Problem requirements
Write the listing out again word for word, leaving each picture behind.

Dataset extract
::::
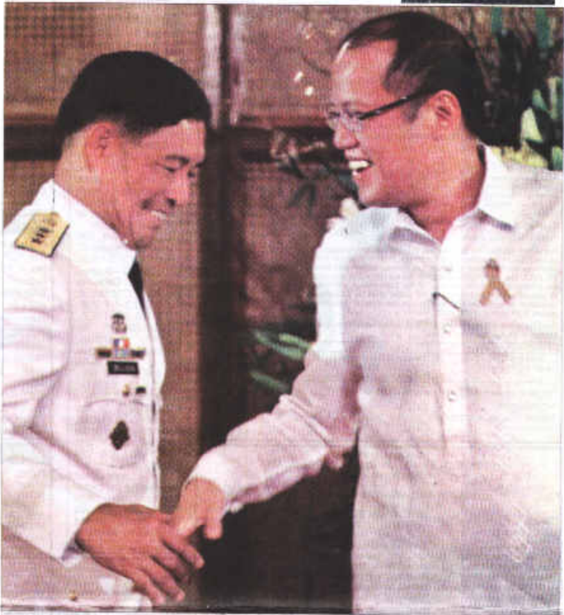
It's official. President Aquino congratulates AFP chief Lt. Gen. Jessie Dellosa after administering the oath of office at Malacañan Palace. Next on the agenda: Promotion to the rank of General. Dellosa is a member of the PMA Class '79.
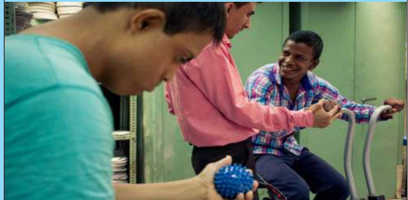
Children with special needs undergoing physio therapy at STK in Ahmedabad
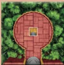
1x Moving platform
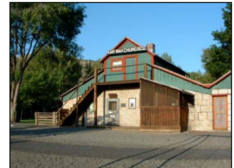
Kam Wah Chung State Heritage Area

Trustees are elected by the Board to serve three-year terms. A Trustee may be re-elected for an indefinite number of terms.
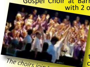
The choirs join together for the grand finale
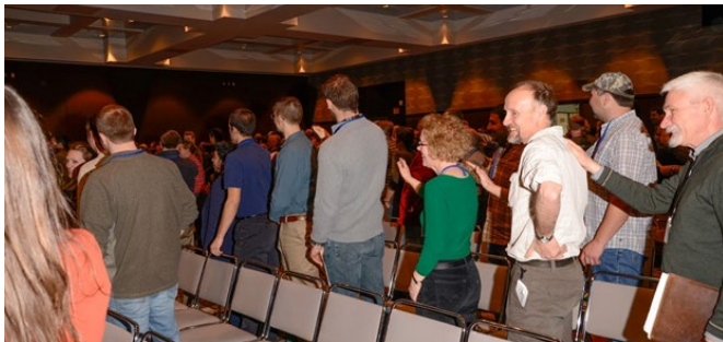
Forestry and Fishery professionals are encouraged to pat each other on the back during the plenary session.
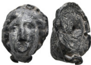
1211 Ancient bronze applique (31,3g 24,6mm diameter)
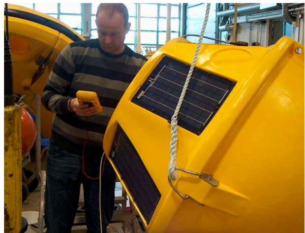
SEAWATCH Mini II buoy is configured before deployment
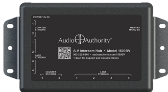
VIDEO MINI HUB MODEL 1509BV
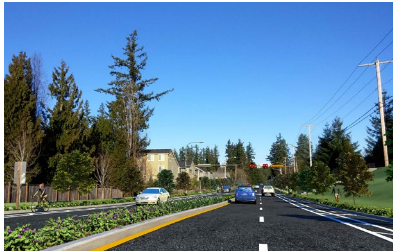
Rendering of future roadway between 242nd Ave SE to 247th PI SE
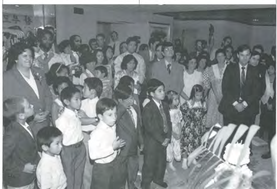
New Orleans, Louisiana, June 4, 1993

Throughout her tour, Mother channeled to us God's shimjung about human-
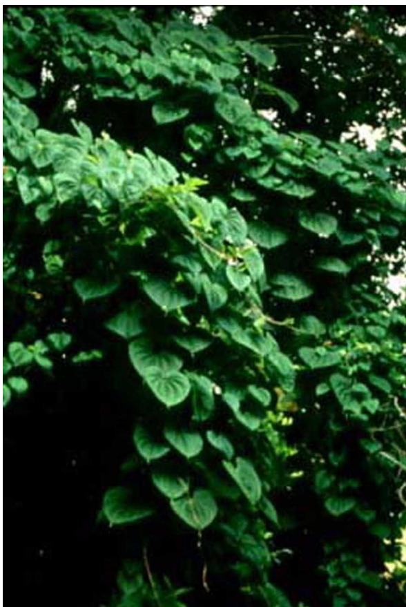
Figure 11. Air potato ( Dioscorea bulbifera ) can climb high into tree canopies and engulf surrounding vegetation. It is listed as a noxious weed by FDACS.
::::
Answer section
It's official. President Aquino congratulates AFP chief Lt. Gen. Jessie Dellosa after administering the oath of office at Malacañan Palace. Next on the agenda: Promotion to the rank of General. Dellosa is a member of the PMA Class '79.
Children with special needs undergoing physio therapy at STK in Ahmedabad
1x Moving platform
Kam Wah Chung State Heritage Area

Trustees are elected by the Board to serve three-year terms. A Trustee may be re-elected for an indefinite number of terms.
The choirs join together for the grand finale
Forestry and Fishery professionals are encouraged to pat each other on the back during the plenary session.
1211 Ancient bronze applique (31,3g 24,6mm diameter)
SEAWATCH Mini II buoy is configured before deployment
VIDEO MINI HUB MODEL 1509BV
Rendering of future roadway between 242nd Ave SE to 247th PI SE
New Orleans, Louisiana, June 4, 1993

Throughout her tour, Mother channeled to us God's shimjung about human-
Figure 11. Air potato ( Dioscorea bulbifera ) can climb high into tree canopies and engulf surrounding vegetation. It is listed as a noxious weed by FDACS.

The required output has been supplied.